When there is an absolute absence of the president-elect before taking office, there shall be a new election by universal, direct and secret vote within the next 30 consecutive days. Pending the election and inauguration of the new president, the president of the National Assembly will assume responsibility for the presidency of the Republic.

If the absence of the president of the Republic occurs during the first four years of the constitutional period, there shall be a new election by universal, direct and secret vote within 30 consecutive days. Pending the election and inauguration of the new president, the executive vice-president will be responsible for the presidency of the Republic.

Finally, Article 234 says: “When the president is temporarily unable to serve, [he/she] shall be replaced by the executive vice-president for a period of up to 90 days, which may be extended by resolution of the National Assembly for an additional 90 days.”
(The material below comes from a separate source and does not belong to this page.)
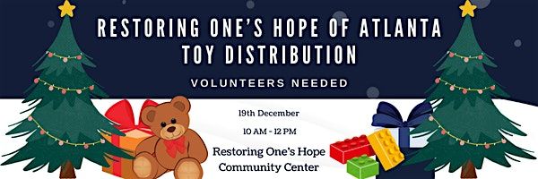 Restoring One’s Hope of Atlanta, Inc. (ROHA) is looking for dedicated volunteers to support our upcoming Holiday Toy Distribution at our community center. Your time and service help us bring joy, dignity, and hope to families during the holiday season.

So why all of the divided views?

While the Constitution describes what should happen if the inauguration is missed, and what to do if a president is “permanently absent,” it does not define what to do in the case of a temporary absence in a moment of transition. As a microcosm of the polarization that has marked the Andean nation under Chávez's leadership, the views of what should happen vary widely. Allies of Chávez argue that the opposition is using his delicate health to take the presidency away from him, undermining the clear wishes of a citizenry who reelected Chávez in Oct. 7 elections.